Será que pode ser prejudicial à menina?

Com a mudança da família de Riley para outra cidade, Tristeza e Alegria (dubladas por Phyllis Smith, de “The Office”, e Amy Poehler) se perdem nos confins de sua mente.

Enquanto a dupla perdida navega por regiões como Memória de Longo Prazo e Pensamento Abstrato para tentar voltar aos controles, Medo (Bill Hader), Nojinho (Mindy Kaling) e Raiva (Lewis Black) permanecem no comando.

Prepare-se: o resultado é uma pré-adolescente petulante.

Como “Up”, que conta a história de um septuagenário tendo que lidar com a morte da mulher, “Divertida Mente” pretende divertir e, ao mesmo tempo, fazer o público se entender um pouco melhor.

Com seu primeiro filme, “Monstros S.A.” (2001), Docter levantou a seguinte questão: e se as criaturas debaixo da sua cama fossem muito legais? “Up” fez com que uma casa amarrada a um punhado de balões, flutuando em plena selva amazônica, parecesse totalmente plausível. Ele é também responsável pelos roteiros de “Toy Story” e “Wall-E”.
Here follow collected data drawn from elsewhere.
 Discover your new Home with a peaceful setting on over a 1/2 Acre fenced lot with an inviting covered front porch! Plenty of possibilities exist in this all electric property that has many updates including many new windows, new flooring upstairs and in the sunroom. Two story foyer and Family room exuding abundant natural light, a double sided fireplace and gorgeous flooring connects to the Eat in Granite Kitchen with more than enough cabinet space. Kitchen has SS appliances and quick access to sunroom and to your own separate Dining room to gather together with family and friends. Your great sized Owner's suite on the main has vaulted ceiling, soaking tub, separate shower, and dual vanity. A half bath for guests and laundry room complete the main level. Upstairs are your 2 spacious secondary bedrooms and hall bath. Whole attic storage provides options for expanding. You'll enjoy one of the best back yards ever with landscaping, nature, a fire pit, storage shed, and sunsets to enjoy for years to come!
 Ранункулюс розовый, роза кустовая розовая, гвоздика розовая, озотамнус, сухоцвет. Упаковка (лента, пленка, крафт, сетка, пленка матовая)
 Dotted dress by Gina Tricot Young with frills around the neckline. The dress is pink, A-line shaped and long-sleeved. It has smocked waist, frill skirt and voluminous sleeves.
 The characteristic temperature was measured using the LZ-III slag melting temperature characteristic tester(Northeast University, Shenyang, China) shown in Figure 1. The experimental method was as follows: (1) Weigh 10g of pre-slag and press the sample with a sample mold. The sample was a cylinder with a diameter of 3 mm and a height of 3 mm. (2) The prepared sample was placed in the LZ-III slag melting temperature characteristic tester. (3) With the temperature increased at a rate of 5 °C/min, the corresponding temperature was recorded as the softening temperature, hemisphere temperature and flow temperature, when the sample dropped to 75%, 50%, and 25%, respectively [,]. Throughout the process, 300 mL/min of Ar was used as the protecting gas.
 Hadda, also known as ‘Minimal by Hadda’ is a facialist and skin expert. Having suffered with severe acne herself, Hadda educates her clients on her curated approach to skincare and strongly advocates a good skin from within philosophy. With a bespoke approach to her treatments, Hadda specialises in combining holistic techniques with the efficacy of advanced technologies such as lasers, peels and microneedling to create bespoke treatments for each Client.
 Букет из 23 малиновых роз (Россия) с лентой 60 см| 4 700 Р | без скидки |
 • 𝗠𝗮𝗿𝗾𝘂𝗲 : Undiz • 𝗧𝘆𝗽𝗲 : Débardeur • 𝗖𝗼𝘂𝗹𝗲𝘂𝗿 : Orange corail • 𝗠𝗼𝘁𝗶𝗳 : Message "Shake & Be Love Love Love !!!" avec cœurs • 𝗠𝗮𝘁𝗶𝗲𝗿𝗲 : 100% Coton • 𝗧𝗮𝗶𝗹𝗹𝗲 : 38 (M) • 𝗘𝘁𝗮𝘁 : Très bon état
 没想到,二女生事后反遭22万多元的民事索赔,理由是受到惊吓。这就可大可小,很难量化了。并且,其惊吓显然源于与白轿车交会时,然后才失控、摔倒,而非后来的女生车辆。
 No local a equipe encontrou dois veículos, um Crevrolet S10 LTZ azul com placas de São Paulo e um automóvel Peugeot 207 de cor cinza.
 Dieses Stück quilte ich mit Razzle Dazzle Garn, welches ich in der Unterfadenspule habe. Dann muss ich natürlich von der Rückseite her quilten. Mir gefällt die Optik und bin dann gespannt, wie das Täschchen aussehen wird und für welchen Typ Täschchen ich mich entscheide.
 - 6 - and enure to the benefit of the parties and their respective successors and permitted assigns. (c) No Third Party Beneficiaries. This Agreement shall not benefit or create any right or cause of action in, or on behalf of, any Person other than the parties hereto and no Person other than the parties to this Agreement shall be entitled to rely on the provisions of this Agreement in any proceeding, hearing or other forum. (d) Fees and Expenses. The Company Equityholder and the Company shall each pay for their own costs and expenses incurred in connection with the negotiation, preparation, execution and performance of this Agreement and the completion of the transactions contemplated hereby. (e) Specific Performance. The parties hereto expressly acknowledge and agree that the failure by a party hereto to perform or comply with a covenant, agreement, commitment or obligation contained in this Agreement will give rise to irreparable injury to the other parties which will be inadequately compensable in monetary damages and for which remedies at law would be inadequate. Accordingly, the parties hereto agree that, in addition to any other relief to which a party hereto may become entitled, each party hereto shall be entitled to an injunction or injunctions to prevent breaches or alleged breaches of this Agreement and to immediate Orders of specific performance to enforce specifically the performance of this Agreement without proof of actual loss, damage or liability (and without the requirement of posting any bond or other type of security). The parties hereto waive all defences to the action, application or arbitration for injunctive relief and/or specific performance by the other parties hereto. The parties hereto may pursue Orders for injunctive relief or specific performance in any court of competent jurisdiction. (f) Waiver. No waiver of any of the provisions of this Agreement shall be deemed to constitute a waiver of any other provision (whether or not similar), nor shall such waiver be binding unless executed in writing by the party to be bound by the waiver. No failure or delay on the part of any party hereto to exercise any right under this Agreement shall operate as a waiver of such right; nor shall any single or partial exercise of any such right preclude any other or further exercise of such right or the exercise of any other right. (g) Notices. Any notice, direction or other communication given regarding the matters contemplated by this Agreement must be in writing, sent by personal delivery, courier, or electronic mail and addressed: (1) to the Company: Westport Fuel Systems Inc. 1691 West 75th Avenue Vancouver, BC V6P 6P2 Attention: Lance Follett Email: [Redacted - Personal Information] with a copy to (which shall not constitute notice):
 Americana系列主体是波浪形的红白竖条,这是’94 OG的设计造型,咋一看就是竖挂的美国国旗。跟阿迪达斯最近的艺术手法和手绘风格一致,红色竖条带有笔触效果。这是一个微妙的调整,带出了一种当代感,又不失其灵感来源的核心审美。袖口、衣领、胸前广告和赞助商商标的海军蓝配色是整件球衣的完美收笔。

Para compreender como surgiu “Divertida Mente”, ajuda saber um pouco mais sobre a infância do diretor: quando estava na quinta série, em Minnesota, seus pais, ambos professores, se mudaram com os filhos para a Dinamarca, durante um ano.

“Foi a época mais difícil da minha vida. De repente, bum!, aquela bolha idílica em que eu vivia estourou e, de uma hora para outra, percebi que tudo o que fazia, vestia e dizia era julgado pelas outras pessoas”, conta Docter, hoje com 46 anos.

E, no final de 2009, percebeu que a filha, Elie, na época pré-adolescente, estava passando mais ou menos pela mesma coisa. “Ela começou a ficar mais quieta, reservada e isso despertou várias inseguranças e medos meus. E também me fez questionar o que estava acontecendo. O que se passa na cabeça da gente nessas horas?”.

Docter e sua equipe começaram a pesquisar o funcionamento da mente, já que o filme pretende fazer sentido cientificamente. Por exemplo, para os especialistas, as memórias de curto prazo se transferem para o compartimento de longo prazo durante o sono; quando Riley vai dormir, suas lembranças, representadas por bolinhas de gude, são processadas através de uma série de canaletas e rampas.

O grande problema da história envolvia Medo e Tristeza, mas, durante uma boa parte do tempo, era a Alegria e o Medo que se perdiam juntos. “Parecia a opção mais divertida”, resume ele.

Conforme o trabalho foi evoluindo, entretanto, a dupla parecia não se encaixar. Docter saiu para caminhar em uma manhã de domingo e começou a pensar nos amigos da Pixar. “Tinha compartilhado muitos momentos tristes com aquele pessoal, principalmente quando perdemos Steve”, conta ele.

E continua: “Naquele momento me toquei de que a resposta estava na Tristeza.

Estávamos tentando deixá-la de lado, mas era ela que tinha que fazer a tal da viagem. Alegria tinha que entender que tudo bem Tristeza assumir o controle de vez em quando.”